Making Catalyst calls from the model?

Question

I'm using Catalyst with Catalyst::Plugin::Authentication and Catalyst::Plugin::Authorization::Roles and am wondering if there is a better approach to adding an attribute to a model that I'm not seeing.

Each user is permitted to access one or more companies, but there is always one primary (current) company at a time. The permitted list is stored in the database, and database access is primarily through DBIC.

My first inclination is to say that it's the user that has a current company, and thus put it as part of the user model: give the user package a "sub company { … }" to get/set the user's current company. The database check is fairly easy; just use "$self->search_related" (a DBIC method, inherited by the user model).

The problems I run in to are:

• The current company needs to persist between requests, but I'd rather not store it to the database (it should only persist for this session). The natural place is the session…
• There is a role, akin to Unix's root, that allows you to act as any company, ignoring the list in the database. Checking this role can be done through the database, but everywhere else in the app uses $c->assert_user_role and friends.

I've heard its best to keep the models as Catalyst-independent as possible. It also seems pretty weird to have a model manipulating $c->session.

Of course, I could move those checks to the controllers, and have the model accept whatever the controller sends, but that's violating DRY pretty heavily, and just begging for a security issue if I forget one of the checks somewhere.

Any suggestions? Or do I just shrug and go ahead and do it in the model?
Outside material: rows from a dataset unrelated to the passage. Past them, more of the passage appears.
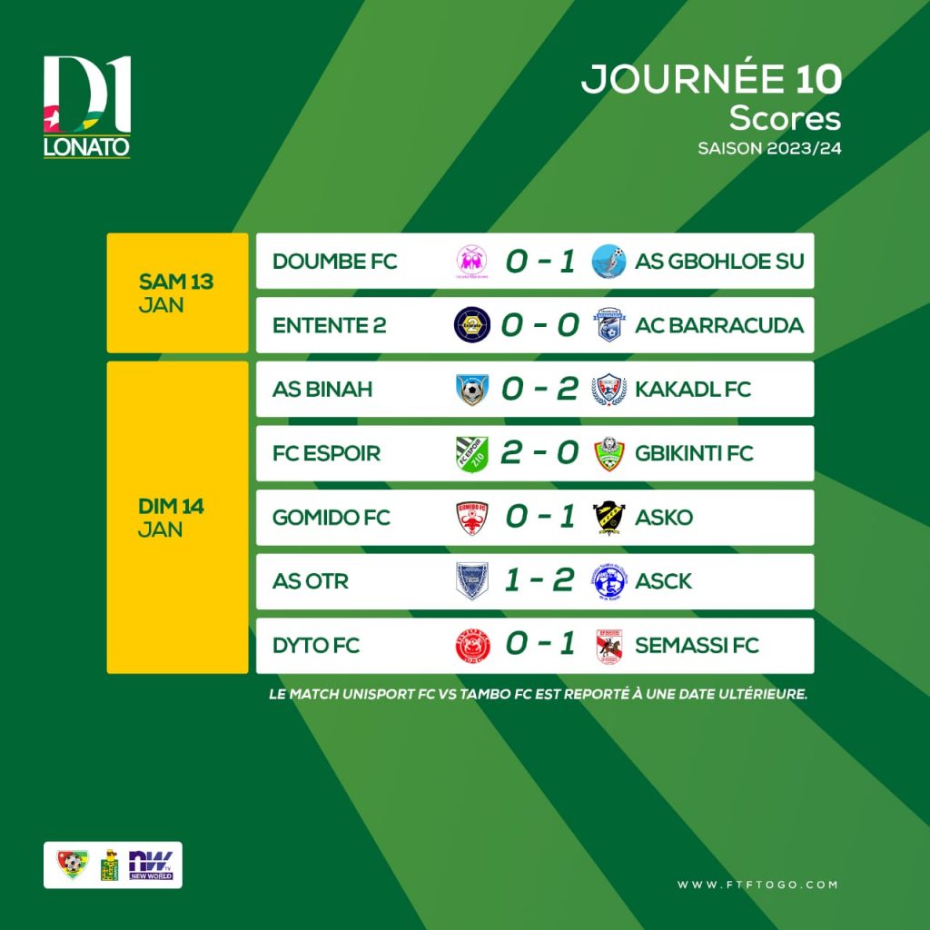 Le match Unisport et Tambo FC est reporté pour indisponibilité du stade de Sokodé.
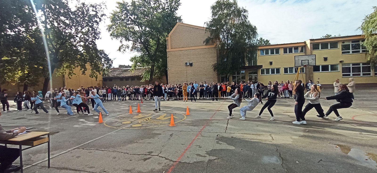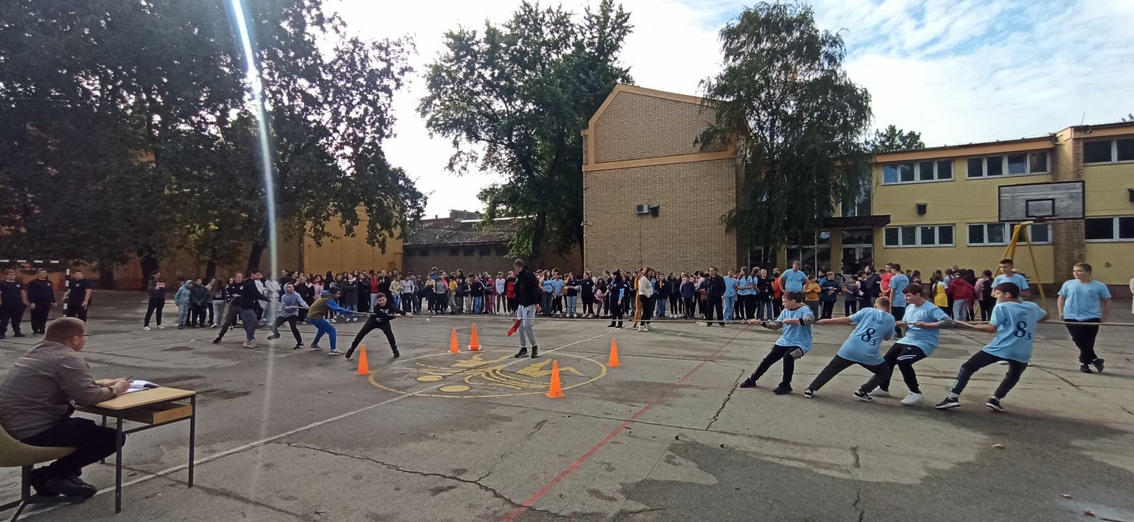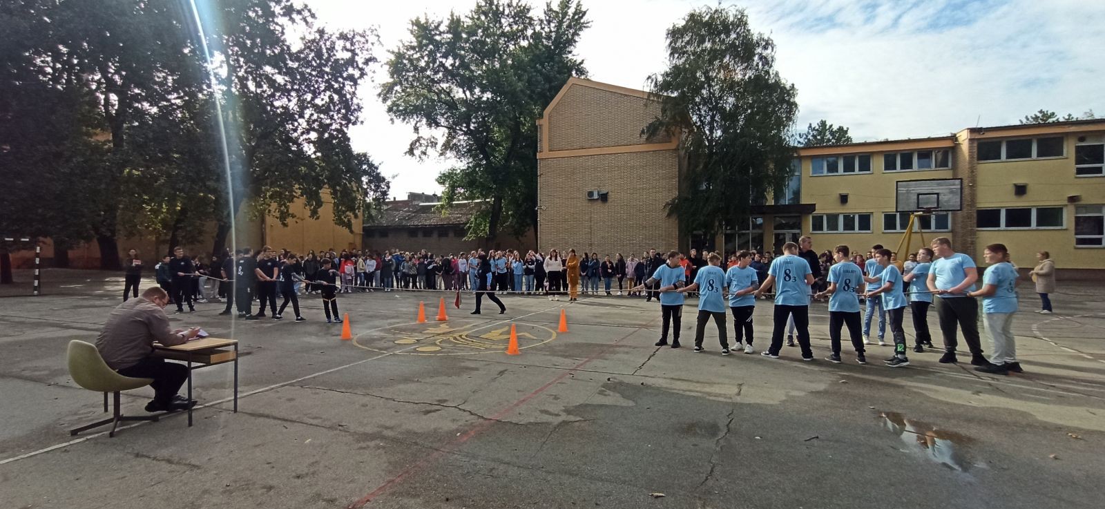 Po sunčanom i za ovo doba godine prijatnom danu, nastavnici fizičkog vaspitanja su, uz pomoć dežurnih nastavnika i učenika, članova dečjeg parlamenta, pripremili teren u školskom dvorištu obeleživši ga markerima, da bi takmičenje moglo da se održi po svim pravilima. Takođe, dečji parlament je pomogao i pri realizaciji takmičenja.
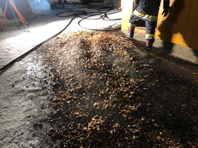 Durch einen Nachbar wurde in den frühen Morgenstunden eine Rauchentwicklung im Bereich einer Heizanlage festgestellt und die Feuerwehr alarmiert. Vor Ort zeigte sich ein Entstehungsbrand im Bereich des Hackschnitzellagers, welcher durch erste Löschmaßnahmen bereits eingedämmt wurde. Durch die Feuerwehren wurde in Folge das teils glosende Hackgut unter Atemschutz beräumt und vor dem Gebäude abgelöscht. Nach abschließenden Kontrolltätigkeiten mit der Wärmebildkamera konnte nach gut zwei Stunden wieder eingerückt werden.
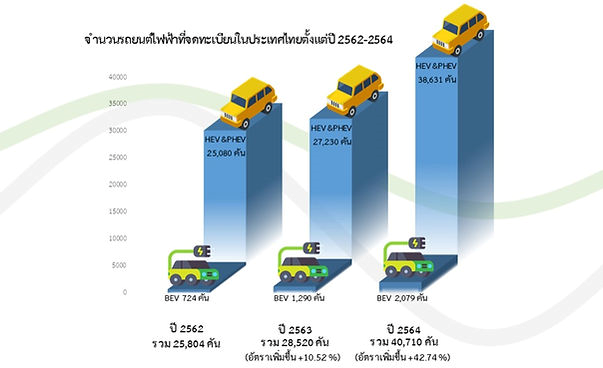 จากรายงานของกรมการขนส่งทางบก ระบุว่า นับตั้งแต่ปี 2562-2564 มีจำนวนรถยนต์ไฟฟ้าทั้งแบบ HEV (Hybrid Electric Vehicle), BEV (Battery Electric Vehicle), และ PHEV (Plug-in Hybrid Electric Vehicle) จดทะเบียนในประเทศรวมทั้งสิ้น 95,034 คัน เฉพาะปี 2564 มีจำนวนยอดจดทะเบียนรถไฟฟ้าทั้ง HEV, BEV, PHEV ทั้งสิ้น 40,710 คัน เติบโต 43%
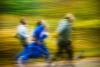 drie mensen mannen vrouw die met motieonscherpte en snelheid abstract lopen
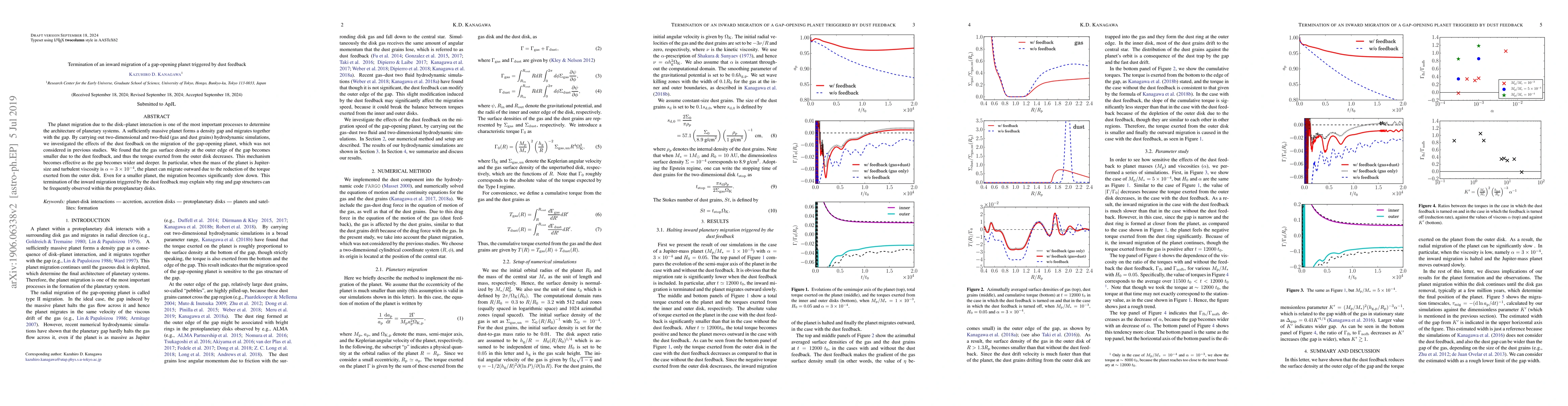 The planet migration due to the disk--planet interaction is one of the most important processes to determine the architecture of planetary systems. A sufficiently massive planet forms a density gap and migrates together with the gap. By carrying out two-dimensional and two-fluid (gas and dust grains) hydrodynamic simulations, we investigated the effects of the dust feedback on the migration of the gap-opening planet, which was not considered in previous studies. We found that the gas surface density at the outer edge of the gap becomes smaller due to the dust feedback, and thus the torque exerted from the outer disk decreases. This mechanism becomes effective as the gap becomes wider and deeper. In particular, when the mass of the planet is Jupiter-size and turbulent viscosity is $\alpha = 3\times 10^{-4}$, the planet can migrate outward due to the reduction of the torque exerted from the outer disk. Even for a smaller planet, the migration becomes significantly slow down. This termination of the inward migration triggered by the dust feedback may explain why ring and gap structures can be frequently observed within the protoplanetary disks.
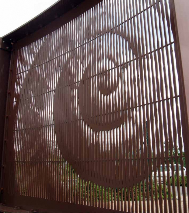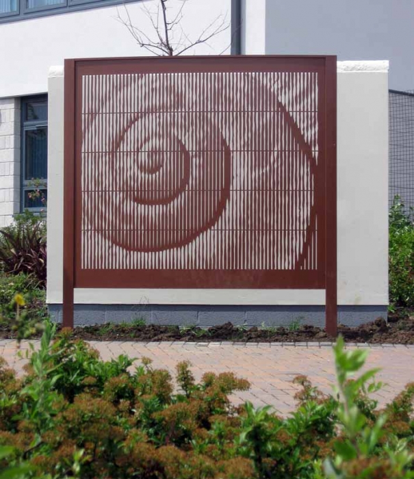 Laser cut steel, galvanized & painted, with rendered and painted block walls.
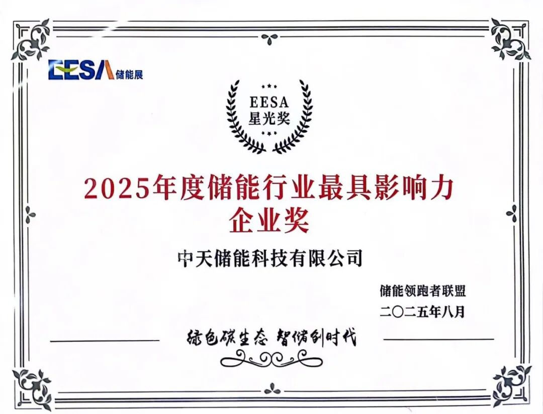 8月13日,第四届EESA储能展在上海国家会展中心拉开帷幕,作为新能源行业领跑者,中天科技新能源携全新一代解决方案亮相4.1H馆41B01展台。在EESA星光奖现场,中天储能凭借在大型储能领域出色的产品力和创造力斩获2025年度储能行业最具影响力企业奖。
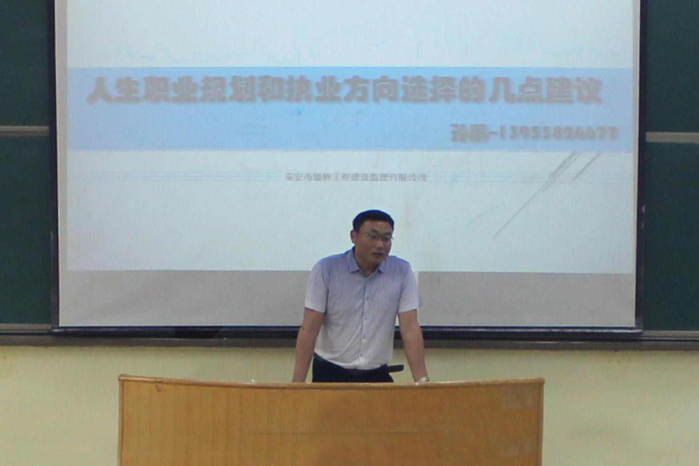 5月31日,德赢Vwin官方区域合作伙伴在5#206举办复兴大讲堂第7期--《谈职业规划和执业方向的几点建议》专家讲座。本次讲座由学院副院长李楠主持,特邀国家注册监理工程师、高级工程师、山东省评标专家孙鹏担任主讲人,学院同学积极报名参加。

Thanks, and apologies for the title, I couldn't come up with a good one.

Answer 1

The key is to create an instance of the model class for each request, and then pass in the parts of the request you need. In this case, you probably want to pass in a base resultset. Your model will make all the database calls via $self->resultset->..., and it will "just work" for the current user. (If the current user is root, then you just pass in $schema->resultset("Foo"). If the current user is someone else, then pass in $schema->resultset("Foo")->stuff_that_can_be_seen_by($c->user). Your model then no longer cares.)

I have some slides about this, but they are very outdated:

http://www.jrock.us/doqueue-grr/slide95c.html#end

(See the stuff immediately before and after, also.)

Note that restricted resultsets and web ACLs are orthogonal. You want to make the model as tight as possible (so that your app can't accidentally do something you don't want it to, even if the code says to), but various web-only details will still need to be encoded in ACLs. ("You are not allowed to view this page." is different from "You can only delete your own objects, not everyone's". The ACL handles the first case, the restricted resultset handles the second. Even if you write $rs->delete, since the resultset is restricted, you didn't delete everything in the database. You only deleted the things that you have permission to delete. Convenient!)